Concretely, owners who want to keep the subsidy portion had to repay up to $40,000 by Thursday or request refinancing from the financial institution that granted them the loan, otherwise the majority of them will see the amount to repay increase from $40,000 to $60,000.
According to the CFIB, 22% of the 180,000 Quebec SMEs having taken out the loan are having difficulty repaying.
The CFIB also estimates that due to heavy debt, some 45,000 businesses are at risk of going out of business.
“We won’t see a bunch of SMEs close on January 19, but we could see waves of closures in the weeks that follow,” says Jasmin Guénette, vice-president of national affairs at the CFIB. The government wants to turn the page, but it risks turning the page too quickly.”
According to Mr. Guénette, the vast majority of businesses are well-intentioned and have made efforts to repay the loan. However, many factors prevented them from getting their heads above water.
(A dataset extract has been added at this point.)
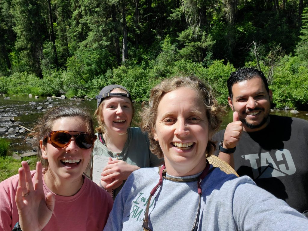 For the first signal crayfish sampling trip, the team traveled to Little Boulder Campground by the Potlach River, a few minutes outside of Deary, ID. They spent time determining the exact sampling, recording, and labeling methods they would use for the rest of the field season. Out of the two sampling sites on the Potlach River, the team initially caught only a handful of signal crayfish, which are characterized by distinct turquoise/white patches at the base of their claws. So, they decided to set up some crayfish traps to be collected the next day.

“The level of sales has not returned to normal in several sectors such as catering,” he explains. There is also the increase in the cost of materials, everything costs more. Borrowing costs have increased, operating costs have skyrocketed and taxes are on the rise. Companies are already heavily in debt and now they have to repay a loan that they really had no choice in taking out to pay the rent or electricity.”
A “catastrophic” exit
Although he believes that the program was very well thought out from the start, Pierre Harvey, business development advisor for companies, thinks that the release of the program was botched.
“The government had a very good reflex in creating this program in an emergency situation, but the exit from the program is completely catastrophic and is anything but helpful for the majority of SMEs. It’s a shame, because the release of the program will make people angry.”
Mr. Harvey emphasizes that the government should have followed up more closely with businesses.
“From the moment we postponed the reimbursement, I think we should have taken the financial statements of each of the companies,” he says. Of course among the companies that had the loan, some made money by placing it and others should not have had it because it only delayed the inevitable. But for the majority, it was useful and necessary.”
“I believe that the government could have, without costing billions of dollars, required businesses to repay at the rate of $1,000 per month for 40 months,” summarizes the expert. It would have been the most effective and least damaging way for SMEs.”